Roma Ursula von der Leyen

Il Parlamento europeo oggi deciderà formalmente di portare la Commissione, cioè lei, davanti alla Corte di Giustizia per aver scongelato in dicembre 10,2 miliardi di euro dei fondi di coesione per l’Ungheria

Ursula von der Leyen ha un problema. Da quando è Spitzenkandidatin del Ppe per un secondo mandato, la presidente della Commissione è oggetto di un fuoco di sbarramento che dovrebbe preoccuparla. Il Parlamento europeo oggi deciderà formalmente di portare la Commissione, cioè lei, davanti alla Corte di Giustizia per aver scongelato in dicembre 10,2 miliardi di euro dei fondi di coesione per l’Ungheria, bloccati in precedenza per violazione dello Stato di diritto da parte del governo di Orbán. Anche se rientra nei poteri dell’esecutivo, lo sblocco era stato l’incentivo grazie al quale il giorno dopo il tribuno magiaro aveva tolto il veto ai negoziati per l’ingresso dell’Ucraina nell’Ue. L’accusa è che non c’era a Budapest alcuna evidenza di progresso sui diritti, che giustificasse la decisione.

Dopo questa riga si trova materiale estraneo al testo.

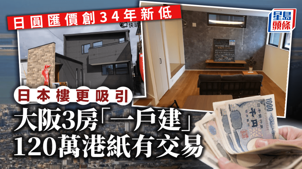 日元持续疫弱跌,昨日汇率进一步下试,每百日元兑港元见4.92。 日本不但成为港人外游不二之选,在日元贬值下,日本楼变相折上折,对投资者来说相当吸引。 若有120多万港元预算,在香港或许只能买一个车位,但在日本的大坂已经可以买到一间空间十足、俗称“一户建”的独立屋。

Ha poca importanza che l’Europarlamento abbia o meno un caso solido di fronte ai giudici del Lussemburgo. Il segnale è politico. Ed è tanto più clamoroso, in quanto la procedura è sostenuta anche da Manfred Weber, presidente del Ppe, che non vuole offrire il fianco al rimprovero di essere indulgente con Orbán, fosse pure creando difficoltà alla propria candidata. «Quella di von der Leyen verso la riconferma non sarà una passeggiata», dice un’autorevole fonte europea. Esposta ora anche sui diritti umani, la presidente della Commissione corre già su una pericolosa linea di faglia: deve tenersi buono il suo Ppe, che le chiede di rinnegare il Green Deal, ma non può più di tanto se vuole rimettere insieme gli altri pezzi importanti della «maggioranza Ursula» allargata, socialisti, liberali e verdi. E intanto, con il pensiero alla probabile avanzata delle destre nelle elezioni, deve cercarsi altri appoggi, vedi il «flirt» con Giorgia Meloni. Ma non si può essere «everything everywhere all at once». E poiché alla fine sono i leader a doverla nominare, qualche suo vecchio sponsor potrebbe anche ripensarci.